What is needed -
Go line by line through the entries below and count those containing the string "with"; give only the count.

┄┄┄┄┄┄┄┄┄┄

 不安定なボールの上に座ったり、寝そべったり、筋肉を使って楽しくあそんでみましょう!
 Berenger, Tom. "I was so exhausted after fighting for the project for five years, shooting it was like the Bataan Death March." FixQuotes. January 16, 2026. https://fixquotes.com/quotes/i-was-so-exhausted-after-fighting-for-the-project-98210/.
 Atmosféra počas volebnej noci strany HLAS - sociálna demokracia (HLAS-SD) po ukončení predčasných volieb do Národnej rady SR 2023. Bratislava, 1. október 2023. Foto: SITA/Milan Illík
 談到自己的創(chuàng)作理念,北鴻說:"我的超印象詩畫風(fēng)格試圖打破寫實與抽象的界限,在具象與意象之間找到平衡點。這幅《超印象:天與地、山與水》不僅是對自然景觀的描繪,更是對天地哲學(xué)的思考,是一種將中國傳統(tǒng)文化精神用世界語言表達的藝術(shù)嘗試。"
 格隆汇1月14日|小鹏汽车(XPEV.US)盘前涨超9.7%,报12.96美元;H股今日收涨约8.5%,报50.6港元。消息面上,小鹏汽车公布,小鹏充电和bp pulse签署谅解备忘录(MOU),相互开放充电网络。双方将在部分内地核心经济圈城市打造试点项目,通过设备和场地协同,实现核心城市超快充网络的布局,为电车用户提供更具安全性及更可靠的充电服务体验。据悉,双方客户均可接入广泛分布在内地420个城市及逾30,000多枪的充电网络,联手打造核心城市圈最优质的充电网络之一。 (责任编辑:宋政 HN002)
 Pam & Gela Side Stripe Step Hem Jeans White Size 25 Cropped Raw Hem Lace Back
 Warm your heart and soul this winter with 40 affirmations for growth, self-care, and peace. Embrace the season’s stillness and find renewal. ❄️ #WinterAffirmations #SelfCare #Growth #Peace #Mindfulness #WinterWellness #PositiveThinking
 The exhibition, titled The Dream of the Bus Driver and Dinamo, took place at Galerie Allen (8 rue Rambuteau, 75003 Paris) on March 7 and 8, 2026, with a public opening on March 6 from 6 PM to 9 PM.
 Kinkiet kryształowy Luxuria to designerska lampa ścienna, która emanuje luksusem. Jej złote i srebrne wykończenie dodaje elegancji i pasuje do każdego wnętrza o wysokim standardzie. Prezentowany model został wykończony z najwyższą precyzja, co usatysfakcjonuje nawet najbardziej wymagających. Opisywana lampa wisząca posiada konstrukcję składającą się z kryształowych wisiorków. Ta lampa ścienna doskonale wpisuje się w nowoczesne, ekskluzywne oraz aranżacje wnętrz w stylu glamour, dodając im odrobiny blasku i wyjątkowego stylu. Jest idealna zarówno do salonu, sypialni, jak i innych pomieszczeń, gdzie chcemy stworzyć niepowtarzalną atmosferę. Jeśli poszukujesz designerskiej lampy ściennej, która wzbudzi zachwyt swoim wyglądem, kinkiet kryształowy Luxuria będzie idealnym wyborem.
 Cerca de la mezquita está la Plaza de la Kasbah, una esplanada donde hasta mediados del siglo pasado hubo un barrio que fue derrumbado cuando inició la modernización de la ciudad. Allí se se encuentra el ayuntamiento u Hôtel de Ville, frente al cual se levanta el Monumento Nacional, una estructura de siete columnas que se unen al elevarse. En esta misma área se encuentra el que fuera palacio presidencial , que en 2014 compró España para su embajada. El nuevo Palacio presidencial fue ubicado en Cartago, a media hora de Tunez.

┄┄┄┄┄┄┄┄┄┄

Answer to this task -
2